WHAT IS REQUIRED: Only one portion of the data is to be written out: from the line bearing "از کفشهای مخصوص" through the line bearing "2010年厦门大学汉语国际教育基础半岛在线注册试题(3)". Write it exactly as it appears.

DATASET RECORDS:

#####

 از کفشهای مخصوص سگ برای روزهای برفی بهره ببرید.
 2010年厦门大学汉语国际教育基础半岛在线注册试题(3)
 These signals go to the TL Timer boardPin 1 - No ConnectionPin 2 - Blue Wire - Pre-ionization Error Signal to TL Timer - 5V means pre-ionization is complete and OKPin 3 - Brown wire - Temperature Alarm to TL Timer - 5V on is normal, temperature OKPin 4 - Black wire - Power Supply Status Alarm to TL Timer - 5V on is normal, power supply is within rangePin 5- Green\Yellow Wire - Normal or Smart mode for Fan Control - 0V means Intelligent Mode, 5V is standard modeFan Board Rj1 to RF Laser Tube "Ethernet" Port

#####

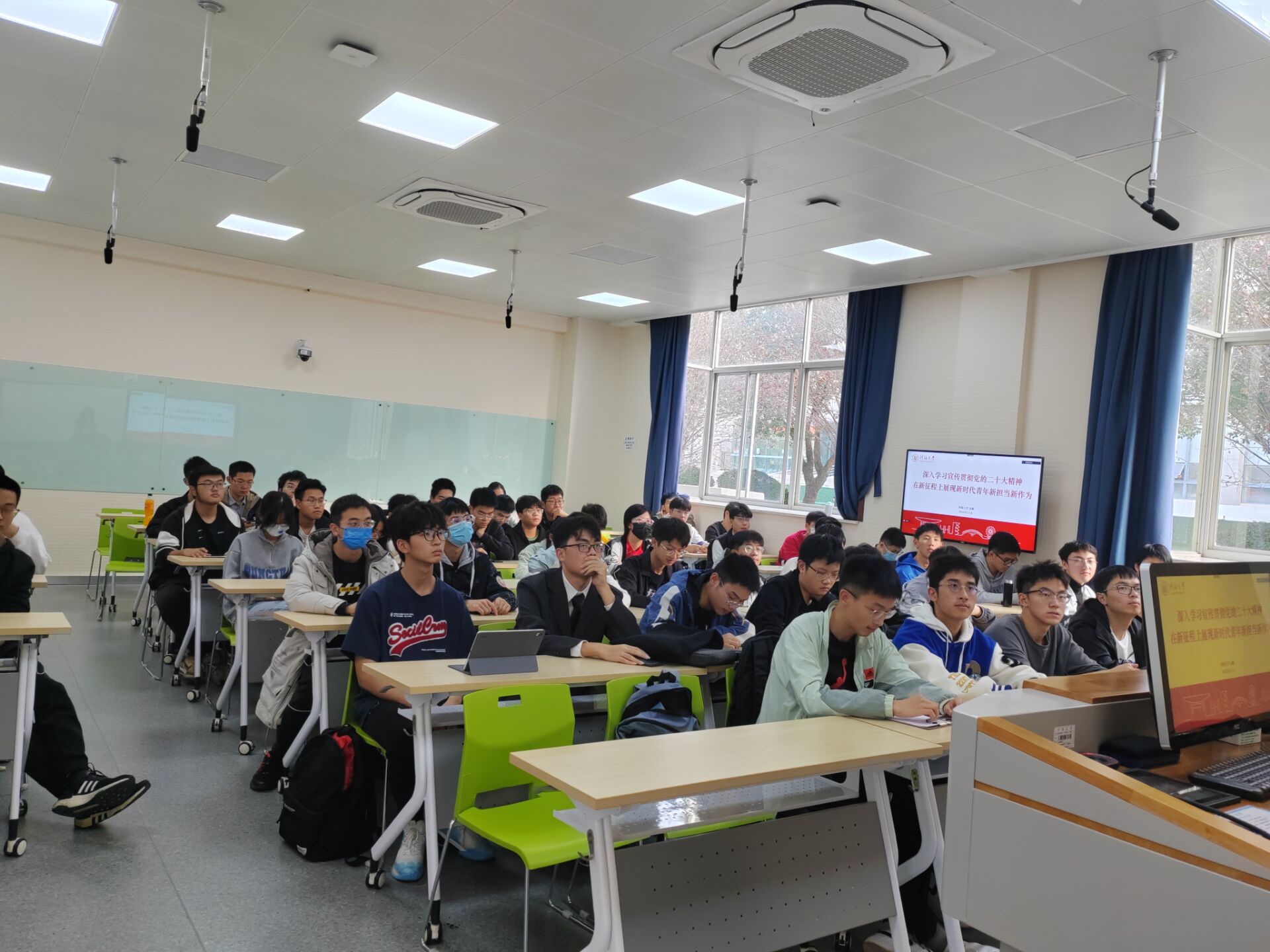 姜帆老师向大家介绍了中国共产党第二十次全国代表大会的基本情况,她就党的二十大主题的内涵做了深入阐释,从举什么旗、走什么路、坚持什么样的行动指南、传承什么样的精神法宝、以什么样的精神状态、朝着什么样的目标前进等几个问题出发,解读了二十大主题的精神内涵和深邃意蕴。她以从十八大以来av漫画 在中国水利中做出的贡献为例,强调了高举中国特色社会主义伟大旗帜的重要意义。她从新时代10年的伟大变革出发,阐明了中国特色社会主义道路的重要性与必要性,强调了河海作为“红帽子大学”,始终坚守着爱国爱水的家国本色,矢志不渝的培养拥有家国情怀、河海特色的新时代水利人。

#####

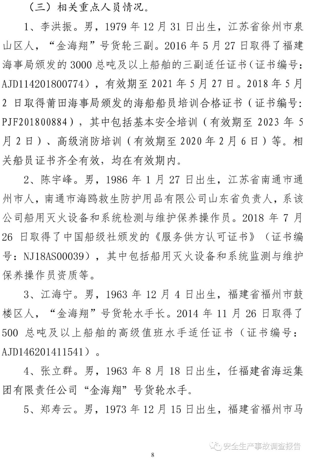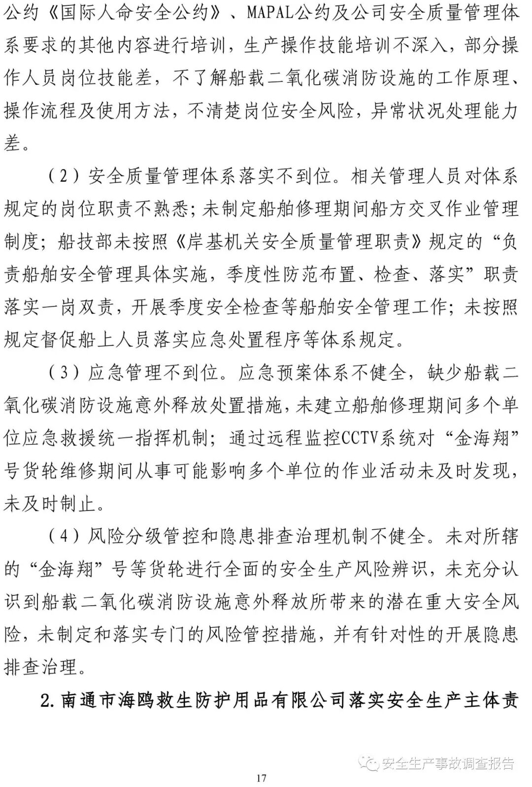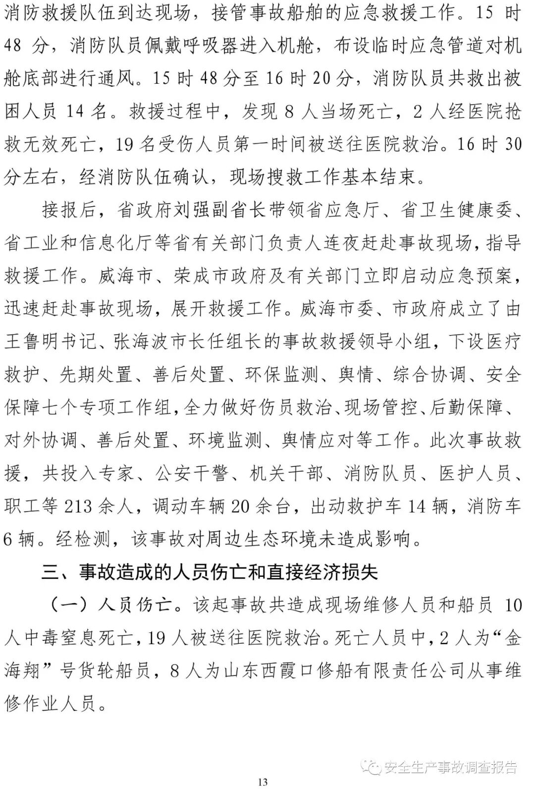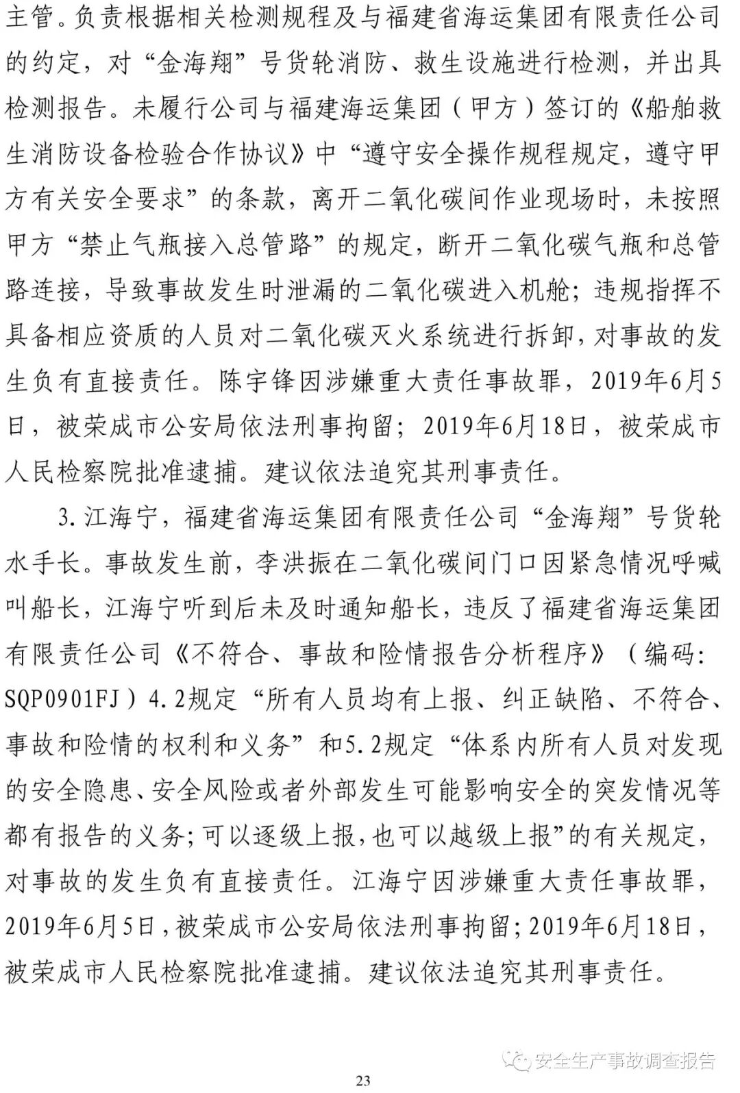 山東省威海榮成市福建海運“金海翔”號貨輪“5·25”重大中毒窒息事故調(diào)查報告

#####

EXERCISE ANSWER:
 از کفشهای مخصوص سگ برای روزهای برفی بهره ببرید.
 2010年厦门大学汉语国际教育基础半岛在线注册试题(3)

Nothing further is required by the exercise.